The rope is wrapped round its little snout. When I loosen it, the lamb grabs for breath.
Cannis is rolling drunk, knocking a lampshade about face. ‘Good — now follow me, we have a job of work to be done.’
I follow him to the kitchen. He steadies himself over the sink, reaches for his razor strop. The sight of the strop being taken makes my heart gallop. But not for myself, I’ve felt its lashes too many times, I’m wondering what my father plans for the lamb.
The little creature seems to sense it too. It squirms in my arms.
‘Hold that bastard steady,’ roars my father.
‘What’ll you do? What’ll you do to it?’ I say.
‘I’ll cut its throat, what d’ye think?’ He grabs the lamb and hangs it over the sink by its back legs. It struggles and squeals. My father has to use both hands to keep from losing it again. All the while the lamb looks at me. Great black eyes, staring.
‘Angus, boy, get my razor, you’ll have to do it!’
‘No.’ I say. I don’t believe I’ve uttered the word.

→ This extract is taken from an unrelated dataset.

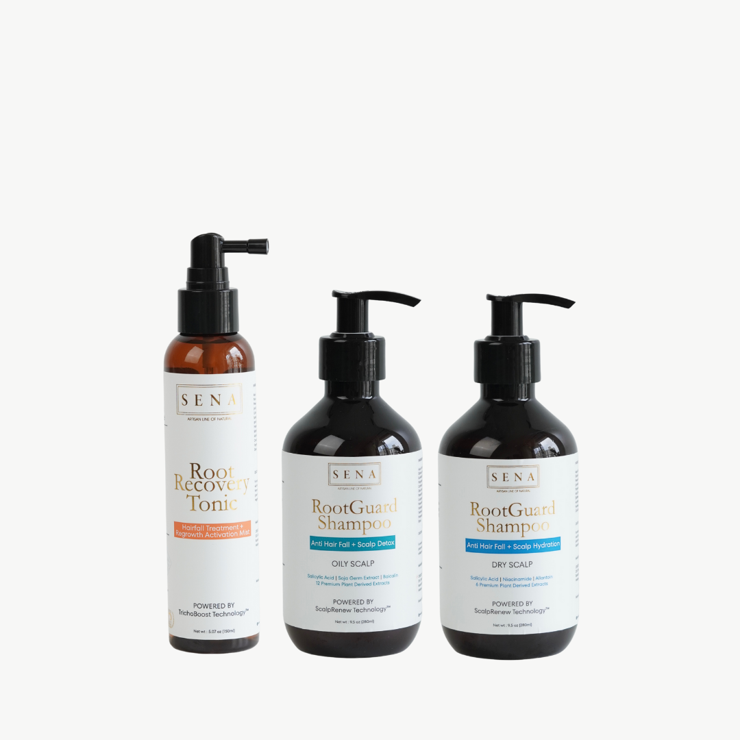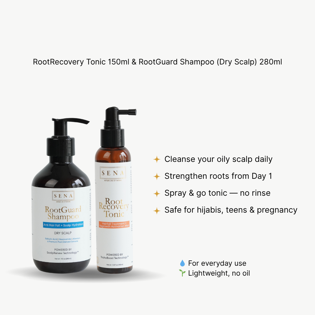 Bring your scalp back to its natural rhythm with the SENA Daily Recovery Duo™ — a lightweight yet powerful 2-step system designed for everyday use.

‘What do you mean, no? You will do it. The razor now, cut this bastard’s throat before it has me on my back.’
I look at the lamb, upturned and struggling in my father’s great hands. Its black eyes plead again. He takes down the razor, hands it to me, and then there’s an almighty struggle as though the lamb knows it’s on its own. The squeals are the sound of terror. I feel them reaching into me.
‘Cut its throat, hear me, cut it! Cut it, now!’
I stand with my father’s razor in my hand. I’m motionless. I know I’m disobeying and what that means. But I can’t harm the animal.
The razor slips to the floor; there’s a sharp pain in the front of my head when it falls. I realise I’ve been struck by my father. I lie on the floor beside the razor and when I see him reach for it I fill with panic.
As I get up I feel the cold flap of skin where his knuckle struck bone. There’s blood running from my head, going into my eyes and mouth.
I feel no pain as I watch my father run the open steel across the lamb’s throat. The squealing reaches a higher pitch for a second and then blood chokes its mouth and spills over its flesh into the sink.
I watch the blood pour from the dying animal. Its black eyes are still staring into the heart of me. As I watch the blood flowing, I feel like it’s mine, like the blood I can taste in my mouth from the wound my father made.